The Emotional Architecture of Dream Count: A Post-Pandemic UX Audit
By Nora Álvarez | UX Designer & Product Strategist
Spoiler Policy: Minor Spoilers (Analysis of structural themes and character arcs).
The Onboarding: Mapping the 'Dream Count' Interface
In product design, the "onboarding" phase is where we build trust. We demonstrate the value proposition before the user commits their most precious resource: time. After a twelve-year hiatus from the novel format, Chimamanda Ngozi Adichie doesn’t just invite us back into her world; she redesigns the entire user journey of the contemporary saga.
The title itself, Dream Count, serves as a brilliant rebrand of the "body count" trope. It signals a shift in the information architecture of the soul. We aren't just counting lovers; we are auditing unmet expectations and the "ghost features" of lives we imagined we would be leading by now. Adichie sets the stage in the friction-heavy landscape of the COVID-19 pandemic—a period where our collective user experience was defined by isolation and a desperate need for seamless connection.

The accessibility of the narrative remains high, yet the friction is intentional. By weaving together the lives of four women—Chiamaka, Zikora, Omelogor, and Kadiatou—Adichie forces the reader to toggle between different perspectives, each possessing its own unique "UI."

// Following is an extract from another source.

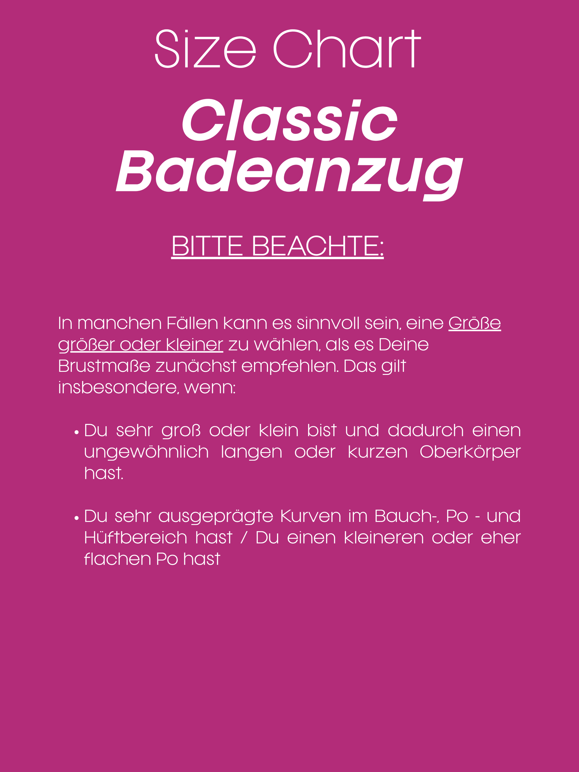 Der Badeanzug classic besticht durch sein reduziertes, elegantes Design. Ein besonderes Detail ist der feste Stoff, der dem Badeanzug auch ohne extra Nähte, Bügel oder Polster im Brustbereich eine schmeichelhafte Silhouette verleihen. Durch das etwas festere Material sorgt er für exzellenten Tragekomfort und eine ideale Passform im Brustbereich.

The Experience: A Hybrid Design System
The most fascinating touchpoint in this novel is the style shift in narrative voice. As a strategist, I look at agency. In Dream Count, Chiamaka and Omelogor speak to us in the first person. This creates a high-velocity, direct feedback loop with the reader; they effectively own their data.
Conversely, Zikora and Kadiatou are rendered in the third person, which creates a subtle latency in our emotional connection. It’s a deliberate design choice: Zikora is paralyzed by betrayal, and Kadiatou is trapped in a legal system that treats her as an object rather than a user. By varying the perspective, Adichie illustrates the ethical dilemma of who gets to tell their own story and who remains merely a data point in someone else’s.
The "Kadiatou" module is perhaps the most ethically charged feature of the book. Based on the real-world Nafissatou Diallo case, it represents a "gesture of returned dignity." From a UX lens, this is reparative design. Adichie takes a "broken" historical interaction—where a woman was silenced by the noise of powerful men—and builds a new interface where her internal life is the primary focus.
The Retention: Does the Emotional Logic Stick?
In the final act, the novel faces its toughest usability test: the absence of a traditional linear plot. For some, this might feel like a "bug"—a lack of direction. However, in this context, it is a feature. Life, especially post-2020, doesn't follow a clean, waterfall project management flow. It’s iterative. It’s messy.
The retention of Dream Count lies in its emotional acuity. Adichie captures the friction of modern romance and the cynical "updates" we have had to install in our hearts to survive academia and professional life. While some critics note a "streak of cynicism," I view it as a realistic edge case. We are tired. Our "dreams" have been counted, and many have been found wanting.
"The 'Dream Count' isn't just a tally of what we've lost; it's the baseline data for what we might still build."
Ultimately, Dream Count is a triumph of user-focused storytelling. It doesn't offer a "happily ever after" (which is often a lazy UX shortcut), but it provides something superior: a sense of being "truly known."